Cleveland, Cincinnati, Chicago & St. Louis Railway Company v. Haas

Decision Date08 June 1905
Docket Number5,180
Citation74 N.E. 1003,35 Ind.App. 626
CourtIndiana Appellate Court

From Marion Circuit Court (11,446); Henry Clay Allen, Judge.

Action by Schuyler A. Haas, as administrator of the estate of Thomas O'Brien, deceased, against the Cleveland, Cincinnati Chicago & St. Louis Railway Company. From a judgment for plaintiff, defendant appeals.


Elliott Elliott & Littleton and John T. Dye, for appellant.

Henry N. Spaan, S. P. Welman and Elias D. Salsbury, for appellee.

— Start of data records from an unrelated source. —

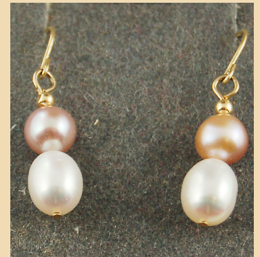
PE15 Natural Pink and Cream Pearls with 9ct Gold £60
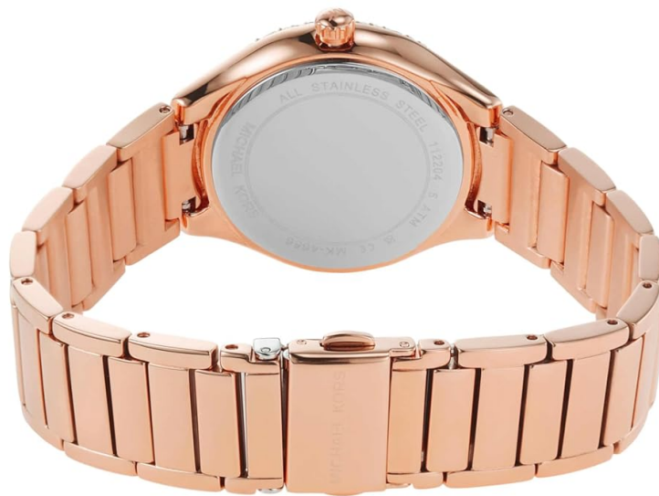
Image 4.1: Rear view of the watch, showing the case back where battery access is located.

The watch uses 1 product-specific battery (included). When the watch stops running or the hands move erratically, it indicates a low battery. Battery replacement should be performed by a qualified watch technician to ensure proper sealing and maintain water resistance.
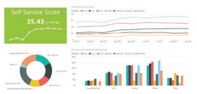
Drill through detailed reports for interactive analysis.
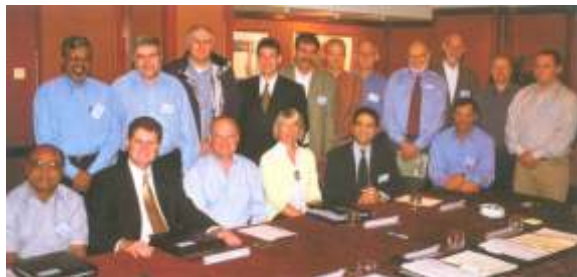
Water Fusion Workshop, Sydney, Australia, March-April 2003

The seminal event of the year must surely be the Delhi Meeting held in January 2003 (hosted by CSIR India) at which the GRA was formally launched. Over this two-day period, representatives of the 'group of nine' reached agreement on the way forward and membership of the Alliance. Summing up the significance of this development, Dr Ramesh Mashelkar noted, "We are joined by our dedication to serving the greater good through innovation and research. Alone, we can each have tremendous impact in the countries we serve. Now, together, we can serve the greater sphere of mankind."
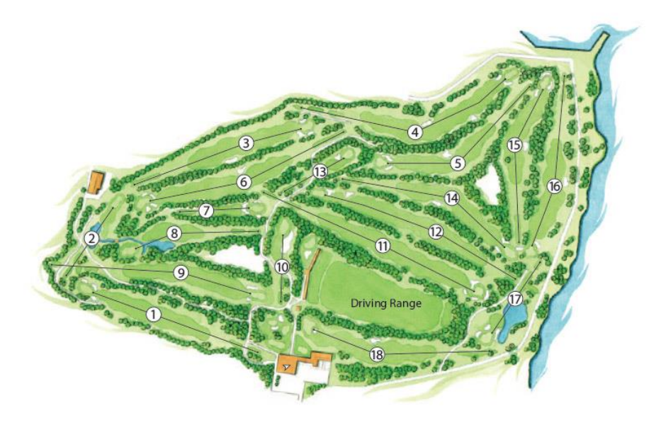
Golf Ascona - Layout
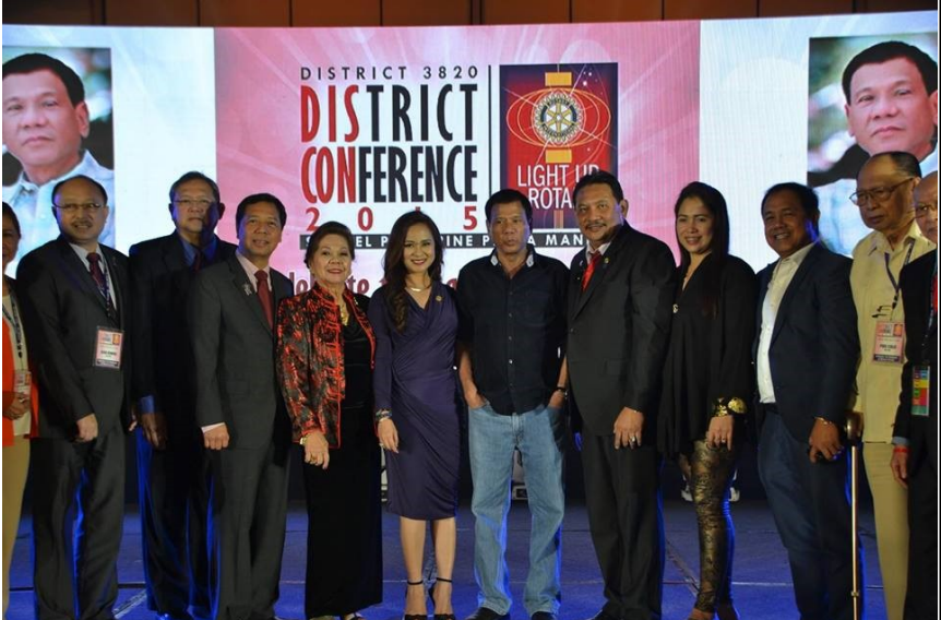
Davao Mayor Rodrigo Duterte is in the house..
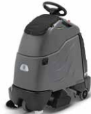
Chariot™ 2 iVac 24 ATV
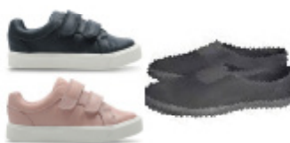
Trainers or Black Plimsolls
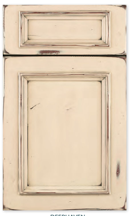
DEEPHAVEN Signature Rub-thru Antique White over Umber w/ Pewter Highlight, distressing, cracking & rasping on knotty alder
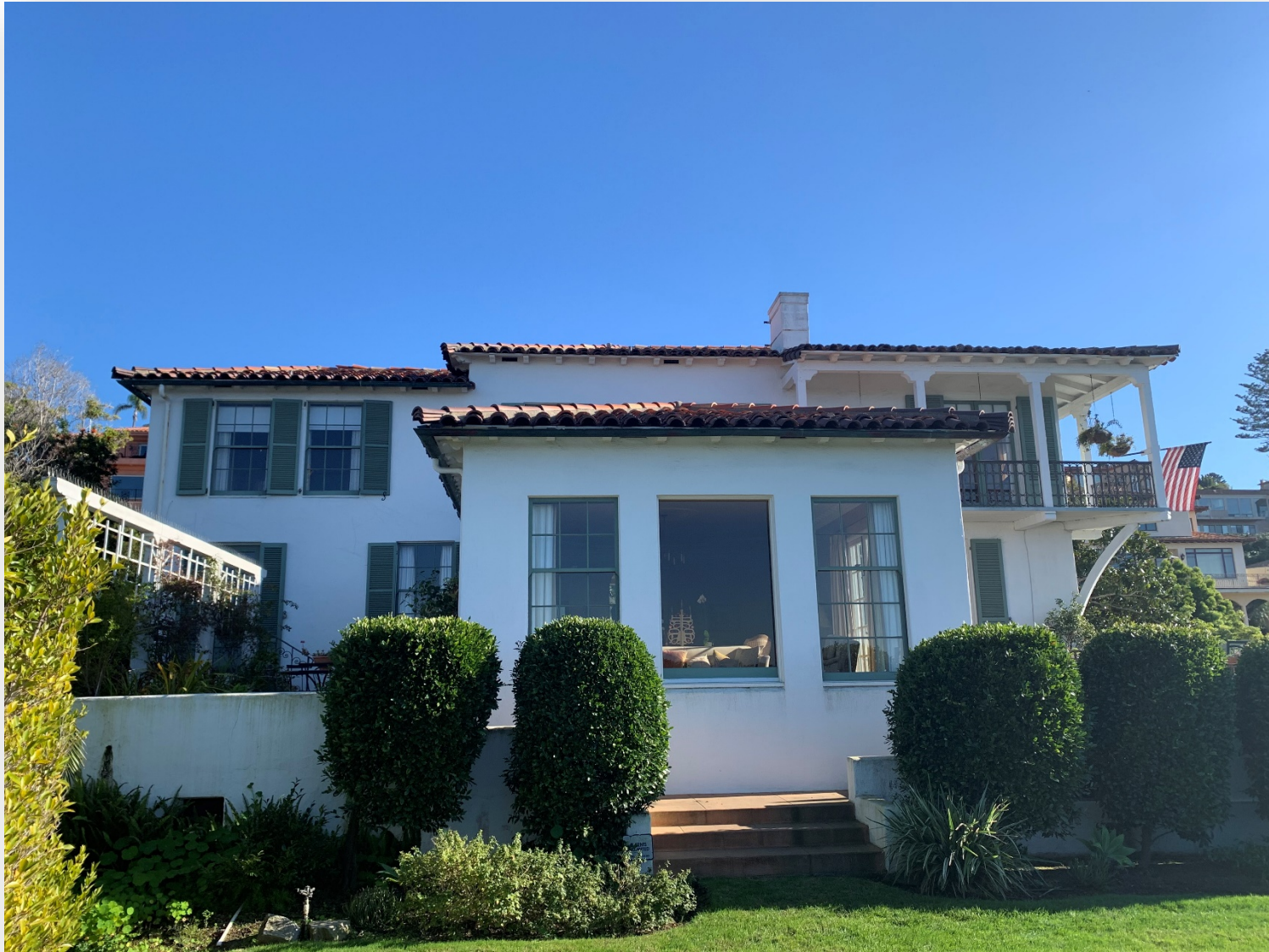
Northwest (rear) elevation
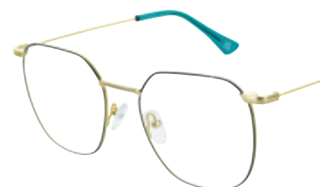
Gold & Dark Green
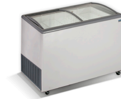
VENUS 36 SGL 1184 x 644 x 864 340lt
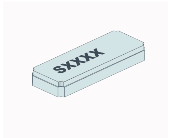
Outline (mm) -SM1 = Gold Plated (lead free) glass lid
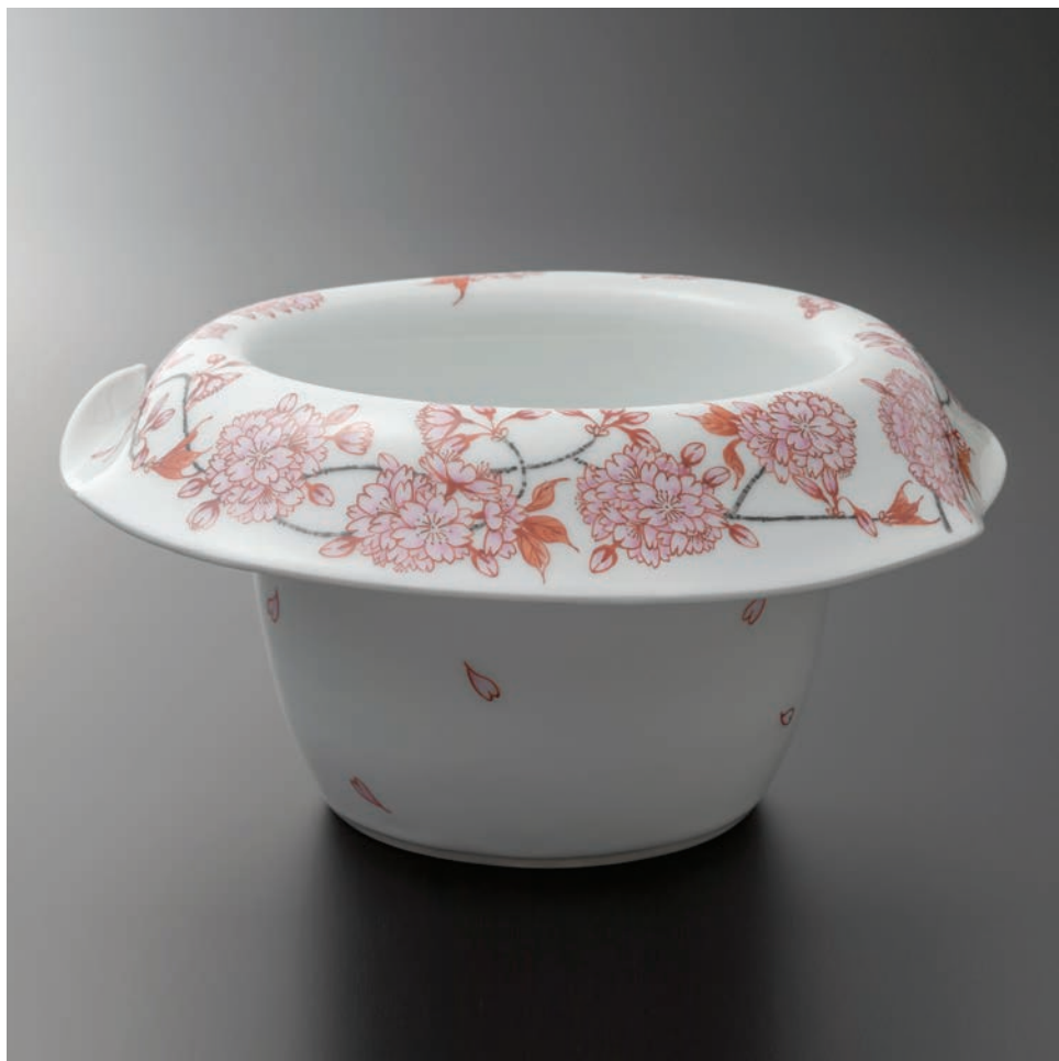
YAE SAKURA Vase, 2019 h. 5 1/4 x dia. 10 1/4 in. (13.5 x 26 cm)
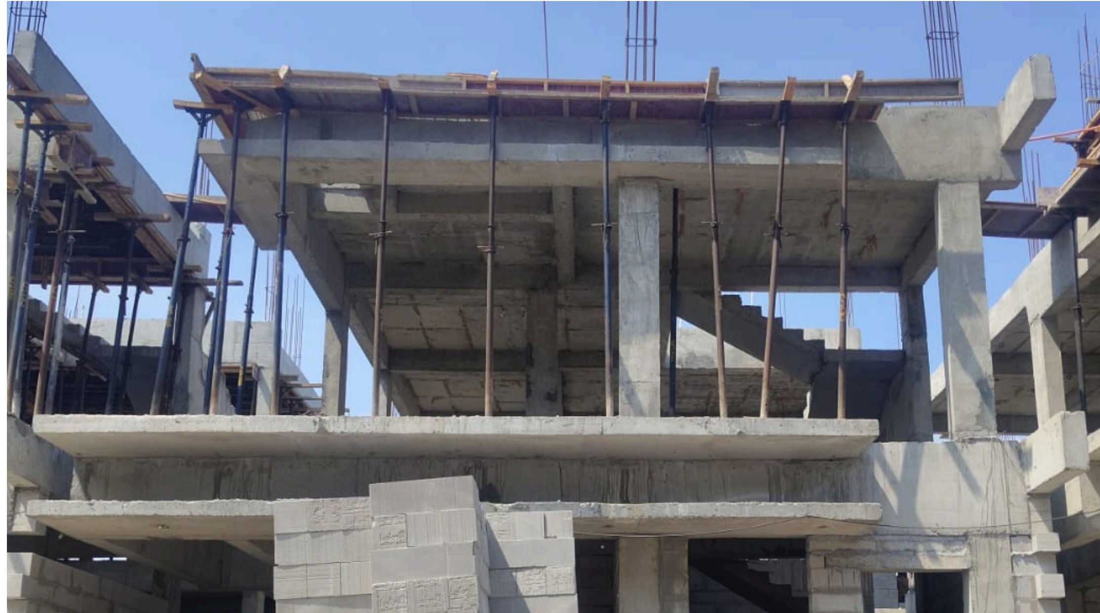
Villa No 66–FF Roof Slab Concrete Pouring Completed

This action was brought by plaintiff, appellee, against defendant, appellant, to recover damages for the death of the plaintiff's intestate on account of the alleged negligence of the defendant in maintaining a bridge claimed to have been too narrow. The plaintiff's intestate was a freight brakeman in the service of the defendant, and the action is based on the alleged common-law liability of the master to his servant. The case went to the jury upon the issue formed by the seventh paragraph of complaint (the other paragraphs having been withdrawn), and answer thereto of general denial. A verdict for $ 3,000 was returned in favor of plaintiff, and judgment rendered thereon.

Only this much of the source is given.